Chapter 1 gives the reader insight into the key ideas animating the text. In this chapter, I explore the ways in which black public opinion on immigrants has been misunderstood. I present a brief overview of how race informs black attitude formation, then a brief overview of black opinion on immigration. The major thrust of this chapter is to show the ways in which black experiences have informed their opinions on immigration. Using Chapter 2 as a foundation, I delineate the theoretical underpinnings of the text. Chapter 2 extends the discussion of black public opinion on immigration by focusing on the theoretical frame of conflicted nativism which animates much of the discussion in this book. Using blacks’ historical relationship to immigration, I argue their unique experience as outsider-citizens makes them deeply ambivalent about immigration. This conflicted nativism is largely a response to white racism rather than hostility to immigrants. The key elements of conflicted nativism are identified and addressed throughout the remaining chapters of the book.

Using historical documents, Chapter 3 presents a historical view of black opinion regarding immigration. This chapter focuses on the nineteenth century and blacks’ consideration of immigration as a viable political strategy for group betterment.
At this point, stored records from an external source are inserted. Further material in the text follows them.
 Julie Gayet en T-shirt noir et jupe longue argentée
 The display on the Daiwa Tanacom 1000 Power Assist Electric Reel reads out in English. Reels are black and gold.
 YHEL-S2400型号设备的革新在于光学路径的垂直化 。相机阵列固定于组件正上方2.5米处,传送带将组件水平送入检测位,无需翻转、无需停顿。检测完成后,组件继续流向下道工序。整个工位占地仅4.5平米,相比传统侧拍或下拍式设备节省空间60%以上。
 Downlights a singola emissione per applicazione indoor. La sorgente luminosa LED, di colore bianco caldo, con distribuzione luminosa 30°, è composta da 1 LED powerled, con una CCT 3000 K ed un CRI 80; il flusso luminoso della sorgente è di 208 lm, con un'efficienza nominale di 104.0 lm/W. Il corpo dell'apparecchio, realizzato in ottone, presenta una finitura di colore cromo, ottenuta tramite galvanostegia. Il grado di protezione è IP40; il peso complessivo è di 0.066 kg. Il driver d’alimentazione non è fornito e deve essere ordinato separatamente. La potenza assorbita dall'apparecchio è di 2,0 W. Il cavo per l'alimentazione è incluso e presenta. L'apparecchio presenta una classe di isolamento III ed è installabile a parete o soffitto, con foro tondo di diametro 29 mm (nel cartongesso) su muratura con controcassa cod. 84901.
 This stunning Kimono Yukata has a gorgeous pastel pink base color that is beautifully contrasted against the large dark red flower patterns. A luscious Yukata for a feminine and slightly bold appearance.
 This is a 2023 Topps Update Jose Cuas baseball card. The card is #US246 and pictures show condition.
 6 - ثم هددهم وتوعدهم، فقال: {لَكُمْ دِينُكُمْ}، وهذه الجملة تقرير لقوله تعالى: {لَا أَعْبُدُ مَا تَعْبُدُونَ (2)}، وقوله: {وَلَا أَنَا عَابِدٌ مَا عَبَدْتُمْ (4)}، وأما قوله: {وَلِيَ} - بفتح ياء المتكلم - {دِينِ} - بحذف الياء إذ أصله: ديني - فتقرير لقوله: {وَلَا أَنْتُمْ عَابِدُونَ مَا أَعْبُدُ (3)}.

The chief argument of this chapter is that immigration is very much a part of a black political agenda and early black engagements with immigration represented a resistance to black exclusion. Chapter 4 extends the discussion in Chapter 3 by detailing the ways in which collective memory informs contemporary black opinion. In this chapter, personal interviews are employed to connect history to contemporary black opinions on immigration. This chapter highlights the “everyday talk” blacks engage in regarding immigration. I find blacks use their past to understand present circumstances. In particular, this chapter (p.7) demonstrates how blacks use the particularities of their experience to understand the ways in which racial hierarchy systematically hurts blacks. Immigration is a way to highlight the inequities of blacks’ status. Through discourse I find blacks do not harbor major hostility toward immigrants. Rather, their discomfort is aimed at whites who seek to exploit others in an effort to harm blacks.
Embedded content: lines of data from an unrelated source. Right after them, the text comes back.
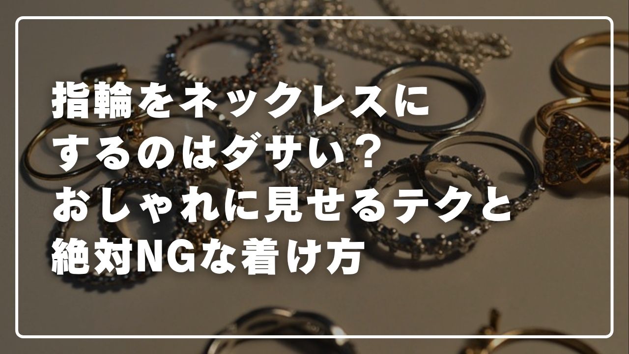 指輪をネックレスとして使うことは、「ダサい」どころか、工夫次第でとても洗練されたファッションになります。とはいえ、無造作にチェーンへ通すだけではチグハグな印象になることも。
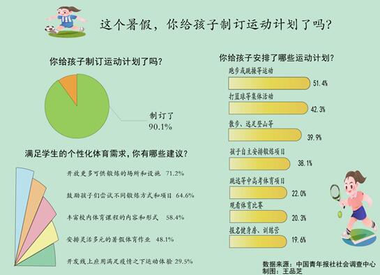 這個暑假,90.1%的受訪家長給孩子制訂了運動計劃。
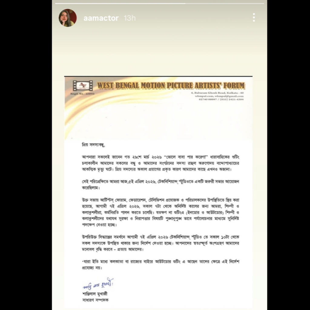 তবে রবিবার শিল্পী সংগঠনের বৈঠকের পর ঘোষিত কর্মবিরতির ডাক যখন ইন্ডাস্ট্রির বহু তারকা সমর্থন করেন, তখন সেই একই বার্তা নিজের সোশ্যাল মিডিয়ায় ভাগ করে নেন শ্বেতাও। ফলে অনেকেরই প্রশ্ন, প্রযোজনা সংস্থার বিরুদ্ধে ওঠা অভিযোগের প্রেক্ষিতে তিনিও কি অবস্থান স্পষ্ট করলেন?
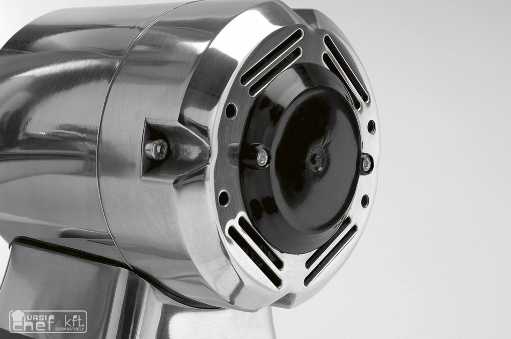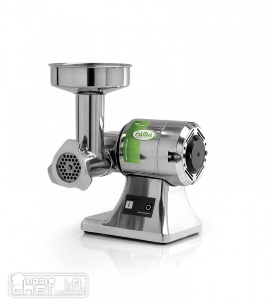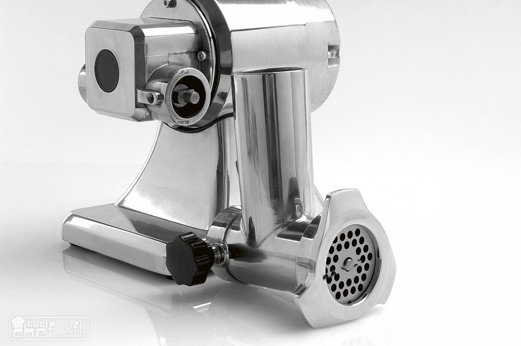 Húsdaráló alumínium öntvény házban 8-as méretű, biztonsági kapcsolóval,rozsdamentes késsel és tárcsával, rozsdamentes etetőtálcával.
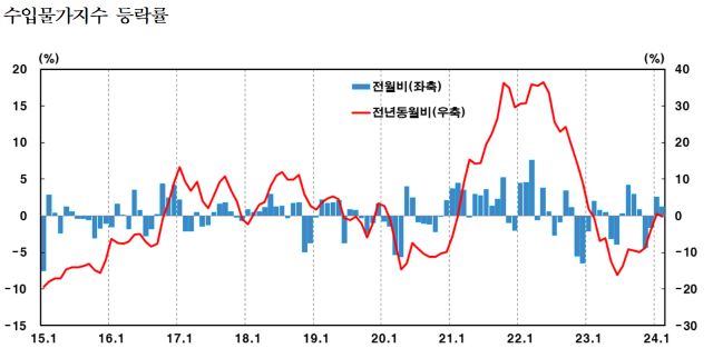 15일 한국은행이 발표한 ‘2024년 2월 수출입물가지수(잠정)’에 따르면 지난달 수입물가(원화기준)는 국제유가 및 원·달러 환율 상승의 영향으로 광산품, 화학제품 등이 오르며 전월 대비 1.2% 상승했다. 전년 동월 대비로는 0.2% 하락이다.
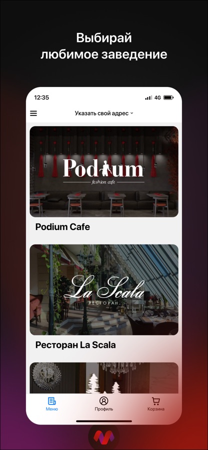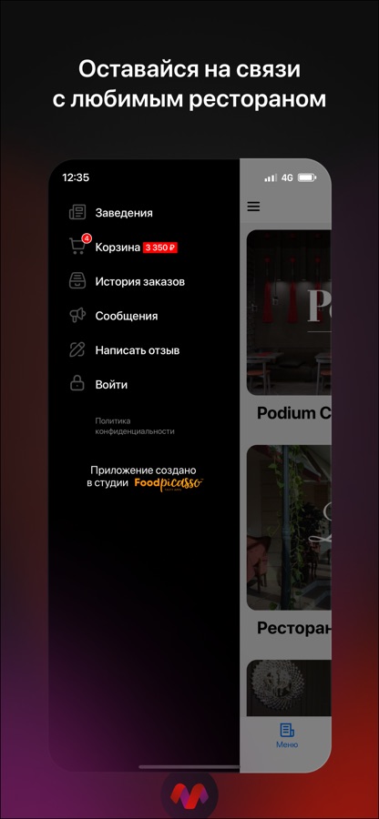 В приложении Вы можете сделать доставку еды, напитков, букетов и получить интересующую Вас информацию обо всех наших заведениях, событиях и действующих акциях.

Chapter 5 uses survey data to test whether there is any empirical basis to the claims made in Chapters 3 and 4. Using a sample of 1,000 blacks from the Race and Nation Survey project, an original survey of 2,000 blacks and whites, I find blacks have some superficially nativist attitudes but are not willing to expend any political capital on the issue. Overall, blacks who view themselves as “typical Americans” exhibit more nativist attitudes, but being “proud Americans” dampens this nativist bent in their attitudes. Moreover, blacks feel more warmly toward all immigrant groups than they do to other whites, and view themselves as having more in common with Latinos. While blacks are willing to countenance a range of policies related to immigration, they remain unwilling to act on the issue. The findings in this chapter suggests blacks are not offended by immigrants despite their somewhat nativist beliefs. In short, immigration is not a salient issue for blacks, but white supremacy is.

In sum, this book is a beginning of a conversation rather than an ending. There is still much we do not understand about the nature of black politics. While blacks are treated as known quantities in American politics (i.e., they vote Democratic) there is still much we do not know about the range of issues on which they have opinions and what, if anything, those opinions mean for their political behavior. This book seeks to extend the conversation in black politics, racial and ethnic politics, interminority relations, and immigration by demonstrating the complicated, messy nature of public opinion. By exploring how blacks handle the issue of immigration in particular, I hope the book grounds the reader in the fact that black citizenship has been a long struggle and that the contemporary discourse on immigration opinion must take this into account if we are truly to understand what is going on.